__WHAT IS NEEDED__: Write out the records beneath this line exactly as they appear, minus any images.

*-*-*

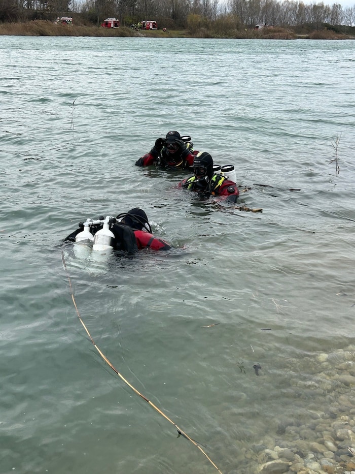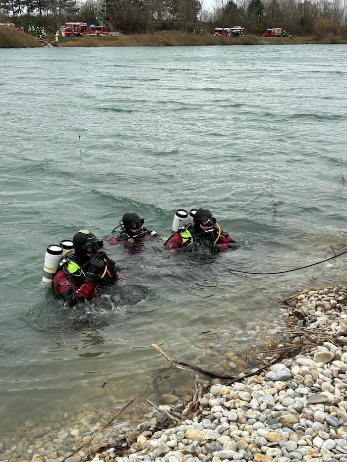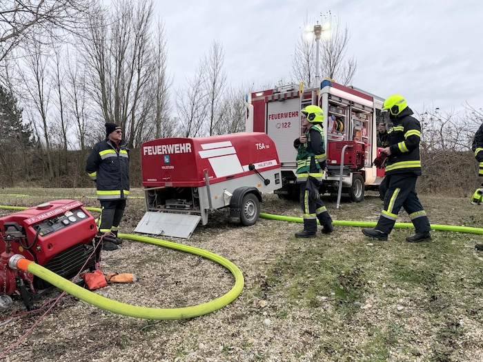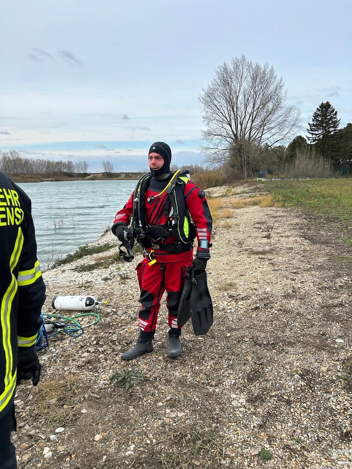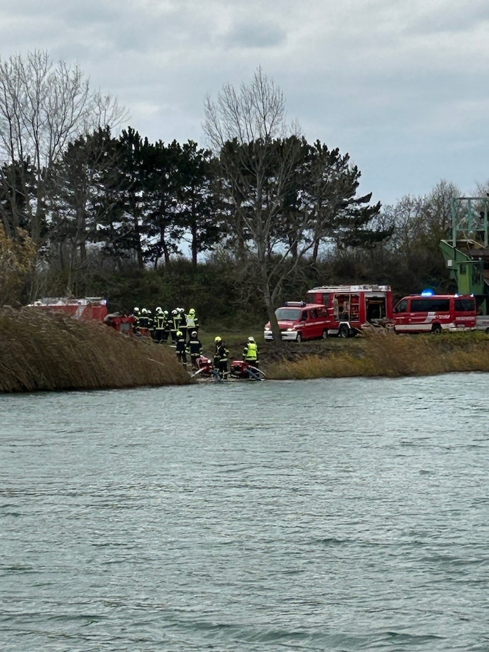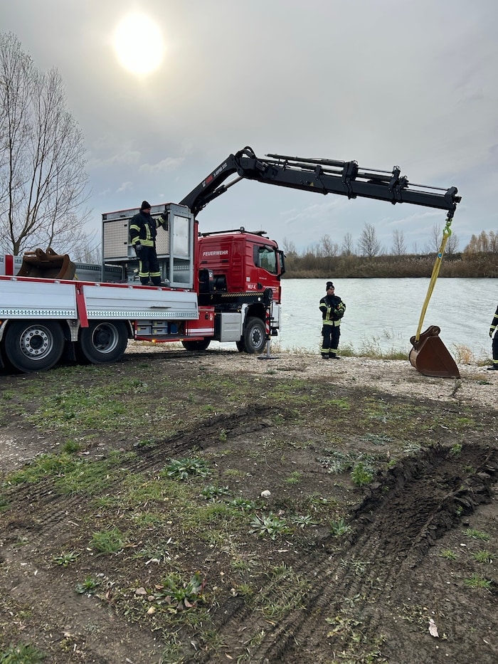 Simuliert wurden die Fahrzeuge durch Baggerschaufeln, die im Teich versenkt wurden. „So ein Teil wiegt rund 300 Kilo, so schwer ist ein Quad auch in etwa“, erklärte Einsatzleiter Thomas Bochdalofsky.
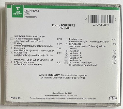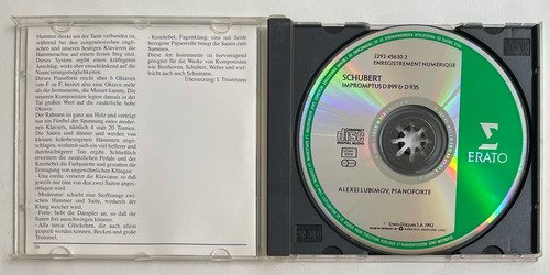 Alexeï Lubimov, Pianoforte / Franz Schubert / Impromptus D. 899 OP. 90 & D. 935 OP. POSTH. 142 / Erato / Edição importada Alemanha – 1992 / CD tocando normalmente. A Oto Livraria é uma extensão da Oto Reifschneider Galeria de Arte, que funciona em Brasília desde 2015. Com foco em artes e assuntos correlatos (como design, ilustração, fotografia e histórias em quadrinhos), o acervo também conta com LPs, CDs e DVDs. A Oto Livraria funciona na mesma quadra da galeria de arte. As compras podem ser retiradas pessoalmente em Brasília ou enviadas pelos Correios (solicite valores de envio).
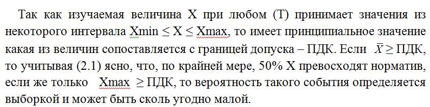 Если при интерпретации данных контроля не использовать информацию о статистической структуре концентрации ЗВ, то это может привести к грубым ошибкам в оценке санитарно – гигиенической обстановки и, как следствие, принятие ошибочных решений как в планировании природоохранной деятельности, так и в оценке эффективности проводимых мероприятий.
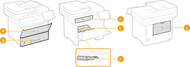 If paper is loaded in the multi-purpose tray, remove it first before working. If the jammed paper cannot be removed easily, do not pull it out forcibly. Go to the next step.
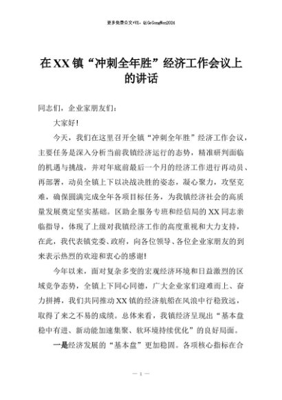/ 【七哥公文】2025年:在XX镇“冲刺全年胜”经济工作会议上的讲话+更多免费公文+VX:QiGeGongWen2024
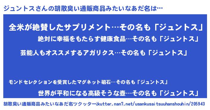 ジュントスさんの胡散臭い通販商品みたいなあだ名をツクッター!
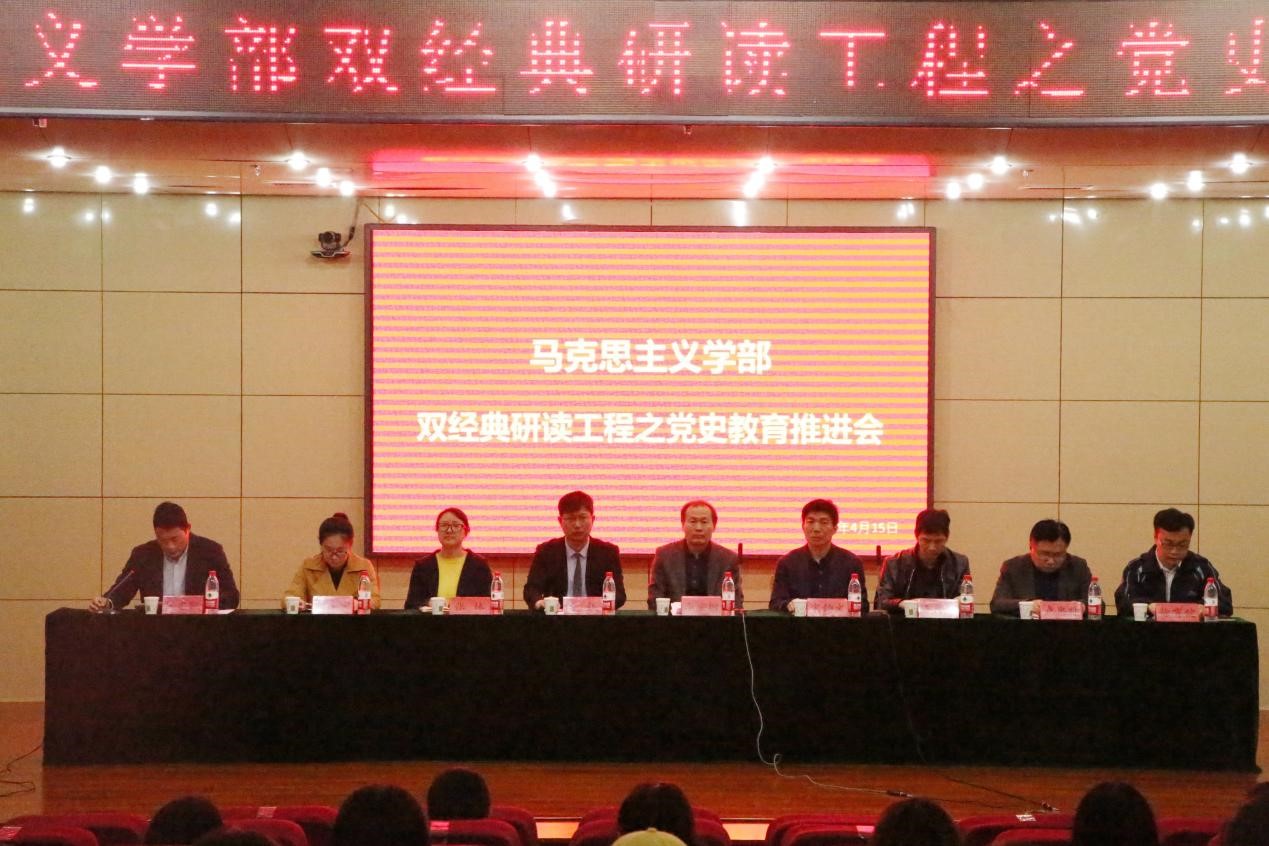 曲阜师大新闻中心讯4月15日下午,马克思主义学部于图书馆报告厅举行双经典研读工程之党史教育推进会。马克思主义学部党委书记、马克思主义学院院长李安增,马克思主义学部党委副书记宋钧文,马克思主义学院思想政治教育系主任汤锐,政治与公共管理学院团委书记王元如,马克思主义学院团委书记张林,马克思主义学部教师代表卢忠帅、朱宁宁、徐霄健以及学部辅导员老师受邀出席,学生党员、预备党员及部分2019级、2020级学生代表积极参与。本次大会由党史教育推进会启动仪式与党史教育分享会两部分组成,分别由马克思主义学部党委副书记张忠凯及马克思主义学院学生会主席韩凯乙主持。
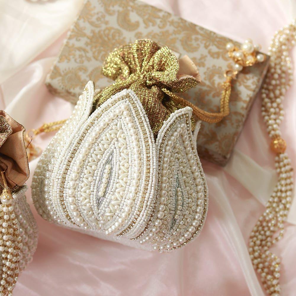 Elevate your festive and wedding ensemble with this exquisite hand-embroidered potli bag, designed in a stunning lotus-inspired silhouette. A perfect blend of traditional craftsmanship and timeless sophistication, this potli captures the essence of Indian artistry in every detail.
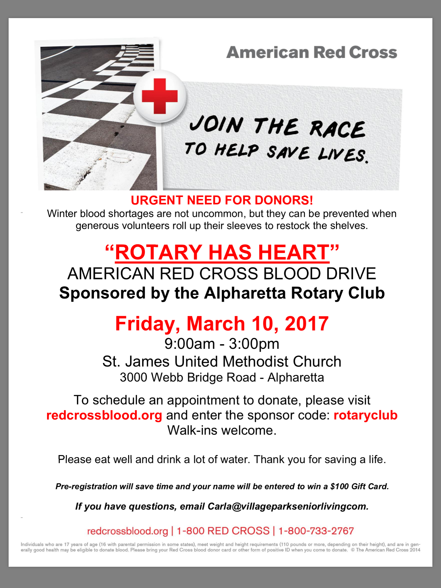 Alpharetta Rotary is organizing a Blood Donation drive on March 10th as part of the Rotary has Heart for the Quarter. We will have 40 volunteers donating which would potentitially help 40 people in the need of blood transfusions.

*-*-*

__RESULT OF THE TASK__:
 Simuliert wurden die Fahrzeuge durch Baggerschaufeln, die im Teich versenkt wurden. „So ein Teil wiegt rund 300 Kilo, so schwer ist ein Quad auch in etwa“, erklärte Einsatzleiter Thomas Bochdalofsky.
 Alexeï Lubimov, Pianoforte / Franz Schubert / Impromptus D. 899 OP. 90 & D. 935 OP. POSTH. 142 / Erato / Edição importada Alemanha – 1992 / CD tocando normalmente. A Oto Livraria é uma extensão da Oto Reifschneider Galeria de Arte, que funciona em Brasília desde 2015. Com foco em artes e assuntos correlatos (como design, ilustração, fotografia e histórias em quadrinhos), o acervo também conta com LPs, CDs e DVDs. A Oto Livraria funciona na mesma quadra da galeria de arte. As compras podem ser retiradas pessoalmente em Brasília ou enviadas pelos Correios (solicite valores de envio).
 Если при интерпретации данных контроля не использовать информацию о статистической структуре концентрации ЗВ, то это может привести к грубым ошибкам в оценке санитарно – гигиенической обстановки и, как следствие, принятие ошибочных решений как в планировании природоохранной деятельности, так и в оценке эффективности проводимых мероприятий.
 If paper is loaded in the multi-purpose tray, remove it first before working. If the jammed paper cannot be removed easily, do not pull it out forcibly. Go to the next step.
/ 【七哥公文】2025年:在XX镇“冲刺全年胜”经济工作会议上的讲话+更多免费公文+VX:QiGeGongWen2024
 ジュントスさんの胡散臭い通販商品みたいなあだ名をツクッター!
 曲阜师大新闻中心讯4月15日下午,马克思主义学部于图书馆报告厅举行双经典研读工程之党史教育推进会。马克思主义学部党委书记、马克思主义学院院长李安增,马克思主义学部党委副书记宋钧文,马克思主义学院思想政治教育系主任汤锐,政治与公共管理学院团委书记王元如,马克思主义学院团委书记张林,马克思主义学部教师代表卢忠帅、朱宁宁、徐霄健以及学部辅导员老师受邀出席,学生党员、预备党员及部分2019级、2020级学生代表积极参与。本次大会由党史教育推进会启动仪式与党史教育分享会两部分组成,分别由马克思主义学部党委副书记张忠凯及马克思主义学院学生会主席韩凯乙主持。
 Elevate your festive and wedding ensemble with this exquisite hand-embroidered potli bag, designed in a stunning lotus-inspired silhouette. A perfect blend of traditional craftsmanship and timeless sophistication, this potli captures the essence of Indian artistry in every detail.
 Alpharetta Rotary is organizing a Blood Donation drive on March 10th as part of the Rotary has Heart for the Quarter. We will have 40 volunteers donating which would potentitially help 40 people in the need of blood transfusions.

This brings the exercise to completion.